As I have been journeying through this online retreat, I find myself touched by its relevance to my everyday life. This should come as no surprise to me; I’ve done this retreat before. However, it DOES surprise me…and maybe that’s how it is when you stop and find Jesus HERE, right beside you.

“You see us, not as a crowd, but as individuals, each struggling to be freer people, poor in spirit and wanting something more — wanting to be closer to you. And you give us the answer to that desire. You offer us yourself, your friendship, and ask us to join in your life of serving the poor — others like ourselves.”

Jesus knows me. Oh, I’ve heard that before, but I rarely appreciate what it implies. He created me, and of all the people who know me, he knows me BEST. That doesn’t just mean that he knows my favorite color, appreciates my obsession with lists, smiles at the amount of chocolate and coffee I would like to consume. Jesus knowing me isn’t just a cute phrase that I can sing during Mass and walk away from later.
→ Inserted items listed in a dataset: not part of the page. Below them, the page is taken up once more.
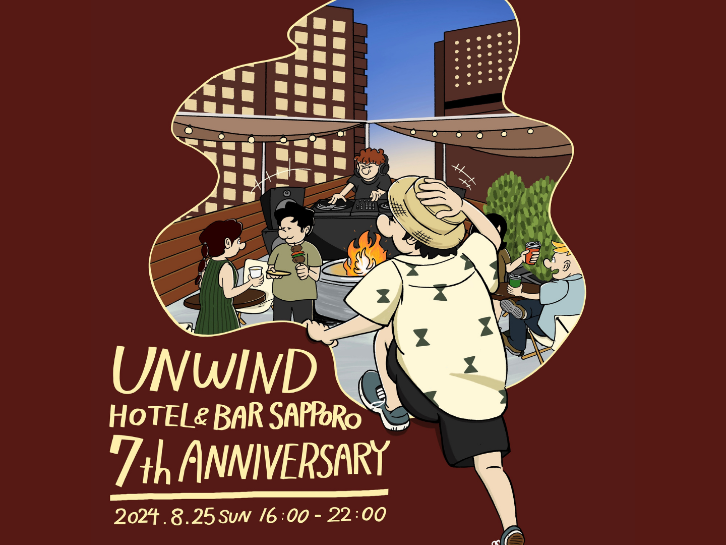 この7年間当ホテルを支えてくださったみなさまへの感謝の気持ちを込めて、UNWIND HOTEL & BAR 札幌で普段から沢山のお客様に愛されている内容はもちろん、当ホテルと親交がある北海道内で活躍されている方々を招いて、食・音楽・焚き火・ドリンク・ファッション・グッズなどを通して、UNWIND HOTEL & BAR 札幌の魅力を一日で体験できる周年イベントを開催いたします。
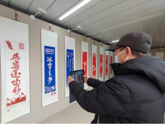 圖為冬奧藝術(shù)展區(qū),這里展覽著以“冰雪”為元素創(chuàng)作出的剪紙作品。中工網(wǎng)記者 劉云攝
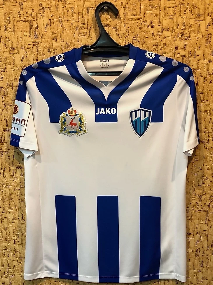Наиболее интересным домашним комплектом нижегородской команды мне видится форма от Jako сезона 2019/2020. Да, дизайн этот не уникальный, как минимум «Рига» имела такой же рисунок, только с голубым цветом, однако, не так много в нашей стране команд, использовавших бело-синие полосатые футболки.

It’s a fact that changes my life, once I embrace it. It’s a reality that can affect everything I do, everything I am, everything I represent, if I let it.

Jesus knows me, and in knowing me, he loves me.

“I love what you say about being merciful, helping those who grieve and being a peacemaker. Yes, I will do that with and for you. Then you ask me to be humble and I want to balk at that. Humble? Poor of spirit? And yet I know so well that when I am capable and self-sufficient and independent, I don’t turn to you, my loving friend, for help. Now I want something different — to turn to you more, always, for help and support and friendship. Teach me to be humble. Show me what it means to be poor of spirit. I don’t always know how to change the way I live to become more poor, but that is my desire now. Please show me how to be humble. Give me the grace to want to be humble. Let me bring all the ways I resist being poor and humble to you. I know only that this is the way to be closer to you and your love.”


When I am humble, when I let go of my own desire to control my life, then I can start to understand what Jesus’ love means for me. When I open myself, make myself most vulnerable, trust with my eyes closed and my defenses down, it is then that I can start to see what it means to be known by Jesus.

Humility isn’t easy for me. It is a battle I fight every single day. Pride and independence were prized traits of mine in the past. They became a habit, a way of being, a lifestyle. Letting go of the allure they offer is hard. It takes work and discipline.

But I’m not doing it alone. Right beside me, holding my hand, patting my back, stroking my temple, is my friend Jesus. He knows. He understands. And he loves.